A research team from MIPT, Skoltech, and Dukhov Research Institute of Automatics, headed by ArtemOganov, employed a machine learning technique for modeling the behavior of uranium and aluminum in the crystalline and liquid phases at various pressures and temperatures.
This is a slider. Credit: MIPT Press Office
Such simulations of chemical systems are capable of predicting their properties under a variety of conditions prior to performing experiments, enabling further work with only the materials considered to be the most promising. The research findings have been published in the journal Scientific Reports.
Prompt advances in science over the last 100 years have led to the discovery of an astonishing number of inorganic and organic compounds, chemical reactions, and protein and lipid structures. However, with all these new structures and molecules, a great amount of time is needed for studying their makeup, physical and biochemical properties, and also for testing the models of their behavior under different conditions and their possible interactions with various other compounds. Such research can presently be accelerated by the use of computer modeling.
The modeling technique that is currently dominant refers to the force field approach. It uses a set of parameters describing a given biochemical system. These comprise of bond lengths and angles, and charges, among others. However, this technique is not capable of accurately reproducing the quantum mechanical forces at play in molecules. Accurate quantum mechanical calculations are considered to be time-consuming. Besides, they only allow predictions of the behavior of samples that are at best several hundred atoms large.
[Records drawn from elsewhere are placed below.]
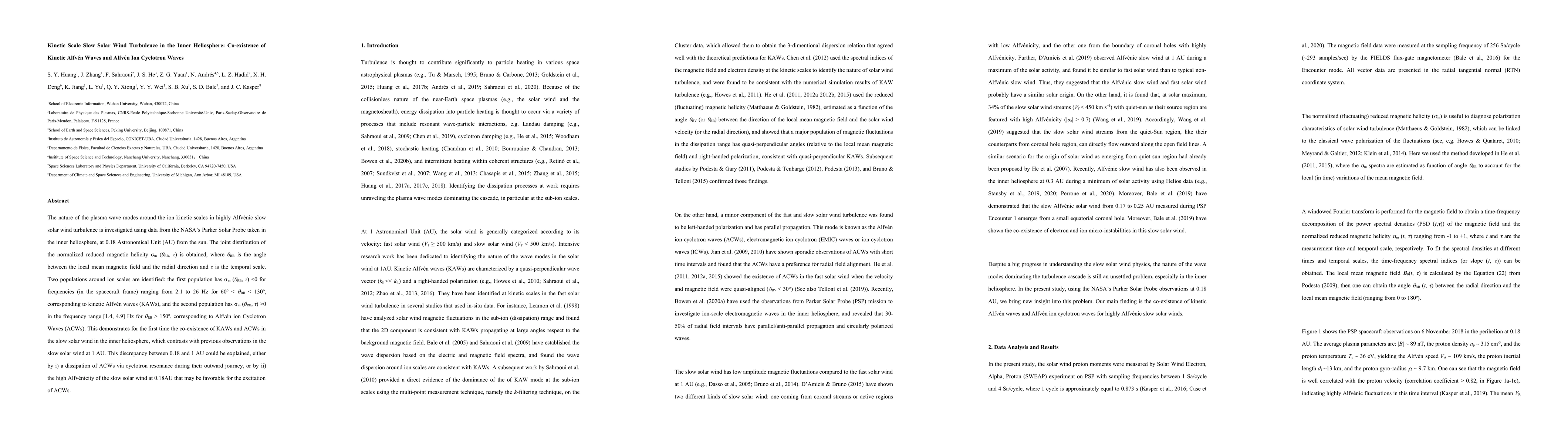 This study investigates the plasma wave modes in the slow solar wind at 0.18 AU using Parker Solar Probe data, identifying two distinct populations: kinetic Alfvén waves and Alfvén ion cyclotron waves. The findings reveal the first co-existence of these waves in the inner heliosphere, contrasting with observations at 1 AU.
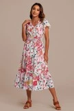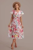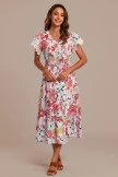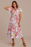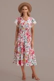 For this dress, we specially designed the sleeves with lace edges, the waist of the skirt is a pleated design, and there are three buttons on the chest. The print is so pretty and perfect for the holidays.
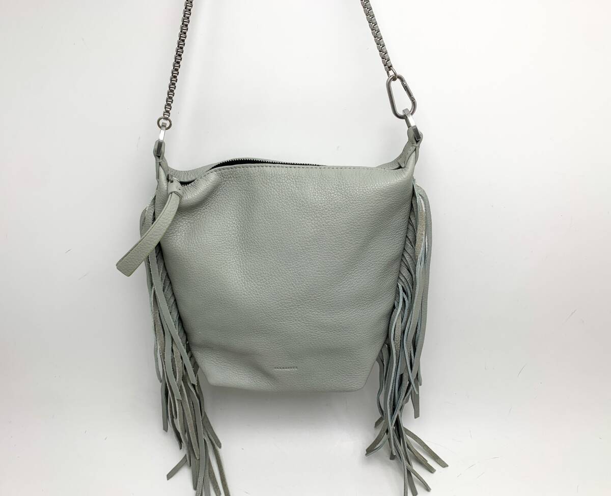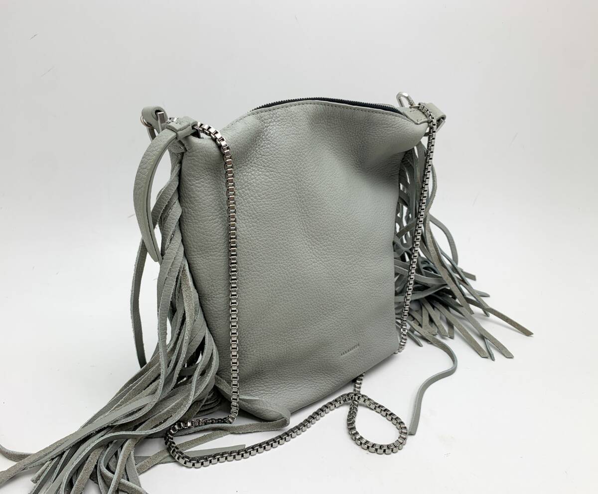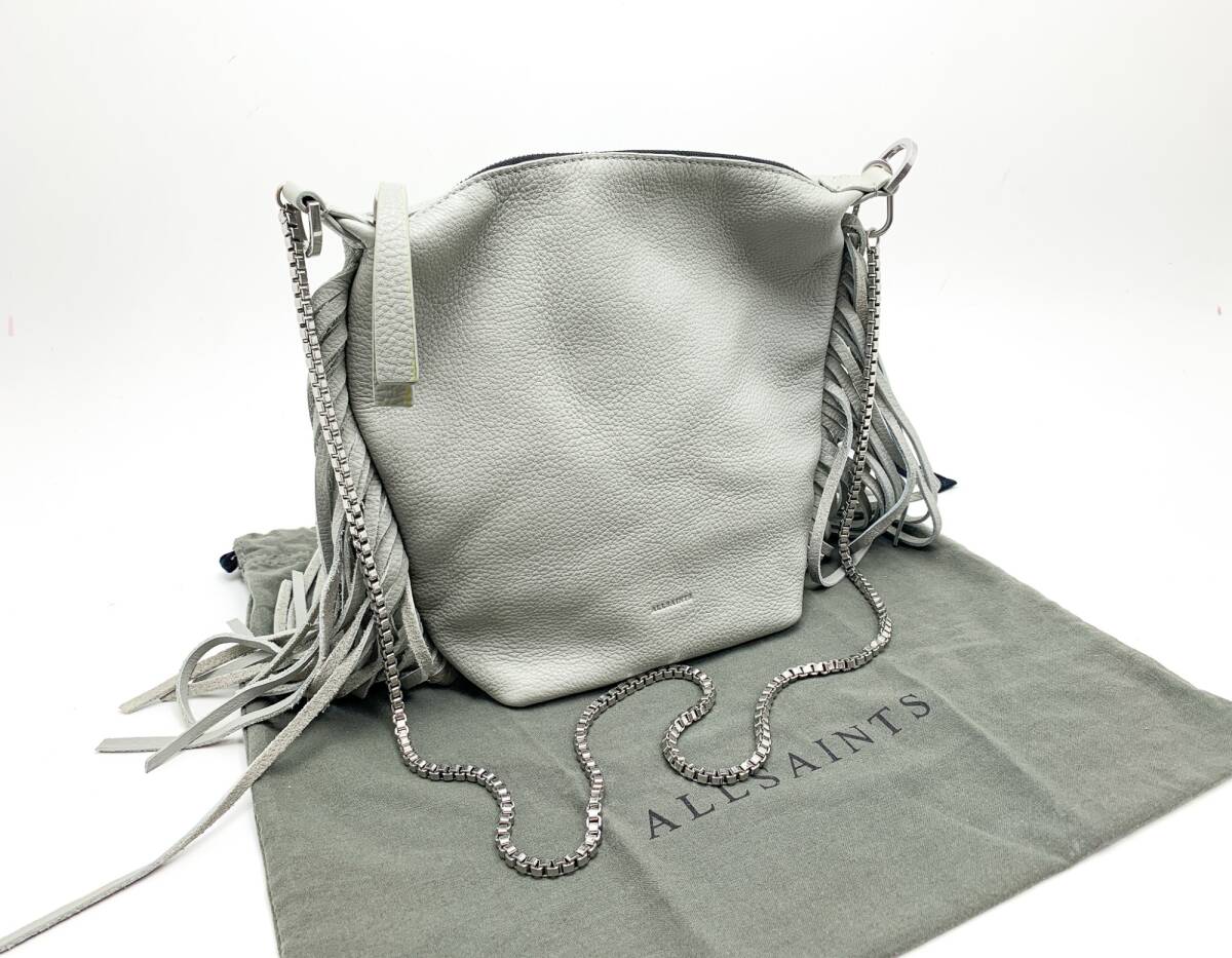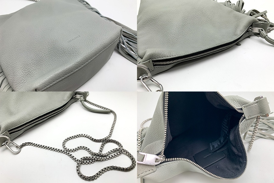 | オールセインツのバッグになります!フリンジとチェーンストラップが魅力のクロスボディバッグ。チェーンストラップは、Dリングを通して短くしてグラブバッグとしても使用可能。Aランク。大きな問題のない、比較的綺麗なお品です。 | |
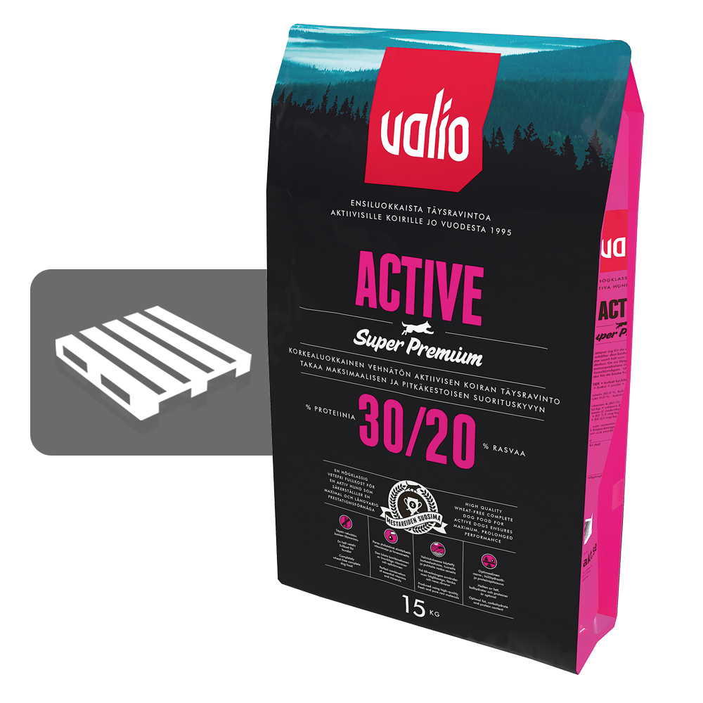 Valio Active on erityisesti harrastus- ja työkoirille suunniteltu tehokas täysravinto, joka tyydyttää aktiivisen koiran energiantarpeen. Ruoka sopii kaikenkokoisille- ja rotuisille koirille. Se on erinomainen valinta esimerkiksi reki- ja metsästyskoirille sekä näyttelykoirille, joiden lihakset vaativat ylläpitoa.

Chemists are greatly interested in machine learning approaches to molecular modeling. They enable models that are trained on comparatively small data sets obtained through quantum mechanical calculations. Such models are then capable of replacing quantum mechanical calculations, as they are just as accurate and need about 1,000 times less computing power.
Progress made by machine learning tools modeling interactions between atoms
The Researchers employed machine learning for modeling the interactions between atoms in crystalline and liquid aluminum and uranium. Aluminum is considered to be a well-studied metal whose chemical and physical properties are known to Scientists. By contrast, uranium was chosen as there is conflicting published data on its chemical and physical properties, which the Researchers sought to define more accurately.
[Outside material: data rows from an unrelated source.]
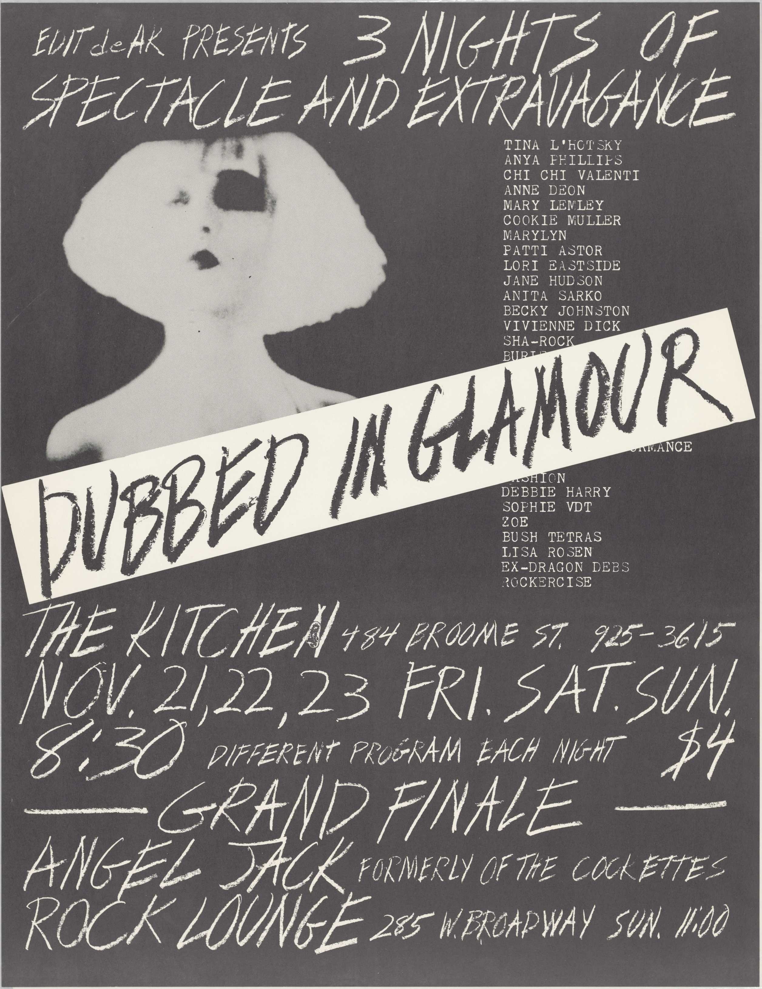 Edit DeAk Presents 3 Nights of Spectacle And Extravagance: "Dubbed in Glamour", A Different Program Each Night. Featuring: Tina L'Hotsky, Anya Phillips, Chi Chi Valenti, Anne Deon, Mary Lemley, Cookie Muller, Marylyn, Patti Astor, Lori Eastside, Jane Hudson, Anita Sarko, Becky Johnston, Vivienne Dick, Sha-Rock, Debbie Harry, Sophie VDT, Zoe, Bush Tetras, Lisa Rosen, Ex-Dragon Debs, Rockercise.
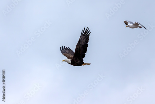 © Denny, Obraz premium Bald eagle being chased by a seagull
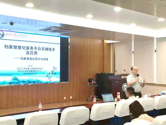 公司王平教授从中办国办联合颁发《“十四五“全国档案事业发展规划》的宏观背景出发,向学员们介绍了当前国家战略层面对档案信息化的高度重视。通过档案智慧化服务平台,他向学员们展示了AI和区块链两大技术在档案领域的应用。

The paper presents an in depth study of such material properties as the phonon density of states, entropy and the melting temperature of aluminum.
The magnitudes of interatomic forces in crystals can be used to predict how atoms of the same element will behave under different temperatures and in a different phase. By the same token, you can use the data on the properties of a liquid to find out how the atoms will behave in a crystal. This means that by finding out more about the crystal structure of uranium, we can eventually reconstruct the entire phase diagram for this metal. Phase diagrams are charts indicating the properties of elements as a function of pressure and temperature. They are used to determine the limits to the applicability of a given element.
Ivan Kruglov, the Computational Materials Design Laboratory, MIPT
The Researchers compared experimental results in order to ensure that the data yielded by computer simulations is valid. The method employed by the team was in good agreement with earlier experiments. The information obtained with the approach based on machine learning had a lower error rate when compared to the modeling techniques making use of force fields.
In this study, the Authors bring about improvements on their 2016 results in terms of the speed and accuracy of atomic system modeling using machine learning.
The Russian Science Foundation supported the study reported in this article.